Achieving a stable work-life balance may take time and effort. It is not something that comes overnight. Rather, it is something that requires a lot of consistency and effort to achieve. While you might be able to do everything, it does not mean you should. There are a number of tips you can begin with to achieve:
Be realistic about the challenge
When starting your small business, it is typically a delusion to believe you can segregate your work commitment to the regular working hours, especially in the first years of the business. When you own and operate your own company, you must feed, nurture and support it as it requires, not as you desire. If a problem arises at your business during your “family time,” declining to deal with it ultimately creates more pressure.
Focus on priorities
The real key to finding some impression of work-life balance is to focus on making priorities. As an entrepreneur, it is possible that you will end up spending more of your hours in your business than with your family or significant other. As your start the entrepreneurial road, you need to always prepare and make a list of all your priorities daily. Focus on your most valued responsibilities and get them done at the point you’re most productive. Always begin with the one you consider most important.
Make sure that you create guidelines on how your priorities will influence your decisions. Having a list of priorities without defined set of rules and guidelines will limit their value. For example, people who have faith as a priority believe Sunday is a day of rest. This kind of value causes these entrepreneurs to keep their business closed on Sunday. This particular choice can effectively contribute to a desire to dedicate one day of the week to family or personal needs.
Another practical approach is to create a problem-response structure for your business. As you hire and develop reliable employees, you can delegate higher-level decision making responsibilities. Communicate and make it clear on which types of problems or situations that can cause your team to contact you during your “non-work” time. A clear and effective problem-response plan and empowered staff will guard against your key priorities.
The moment you begin your day always focus on those activities that will prepare you to be productive. Minimizing unnecessary distractions is critical to achieving your priorities.
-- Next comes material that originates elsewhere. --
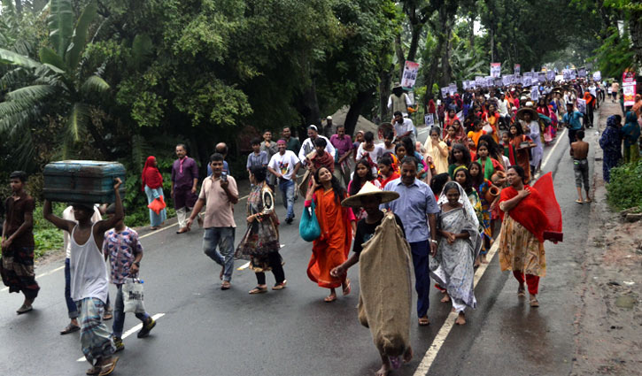 সড়কের দুধারে বিভিন্ন বয়সী উৎসুক মানুষ। সবারই রোমকূপ জেগে উঠলো। সবার ভেতরেই দোলা। হৃদয়ে শিহরণ। একটু পর পর তারা এদিক ওদিক তাকাচ্ছেন। হঠাৎ সড়কের দিকে স্থির দৃষ্টি। শত শত মানুষের দলবেঁধে হাঁটা। এ হাঁটা যেন অজানা এক গন্তব্যের দিকে। কারোও গায়ে জামা নেই। কারোও গায়ে থাকলেও সেটি ছেঁড়া। খালি গায়ে রুগ্ন শরীরে হেঁটে চলছে এই সড়ক বেয়ে। কেউ বা তার বৃদ্ধ মা বাবাকে কাঁধে তুলে হাঁটছে। আবার কেউবা সন্তানসম্ভবা স্ত্রীকে নিয়ে নিজেদের শেষ সম্বল নিয়ে অজানা ভবিষ্যতের দিকে যাচ্ছেন। দলবেঁধে এ যাত্রা ক্রমেই এগিয়ে যাচ্ছে এ সড়কের শেষে ভারতের আশ্রয় শিবিরে। পাক আর্মির বর্বরতা থেকে বাঁচতে নিরস্ত্র বাঙালিদের সীমান্ত পেরিয়ে ভারতে যাওয়ার এ যাত্রা।

There are many distractions out there that pose as a threat to our lives and our businesses.
For instance, consider muting notifications on all devices and avoid opening your work e-mails during quality time meant for the family. Try and avoid as much as possible not talking on your phone when your family is in the car with you. Teach your spouse, kids and friends not to make non-emergency personal calls to you during work hours.
Minimizing distractions keeps you focused and productive throughout the day and it also helps you prioritize your schedules accordingly whether at work or at home.
Work-life balance takes time, requires discipline and effort on a daily and frequent basis. As an entrepreneur, you need to reframe your thinking, restructure your time and resource so as to take the pressure off. As you carve out your priorities, create a problem-response approach and minimize distractions, you will begin to work towards living a balanced life.
The writer is the Chief Executive Officer of Gateway Success Consultancy Ltd.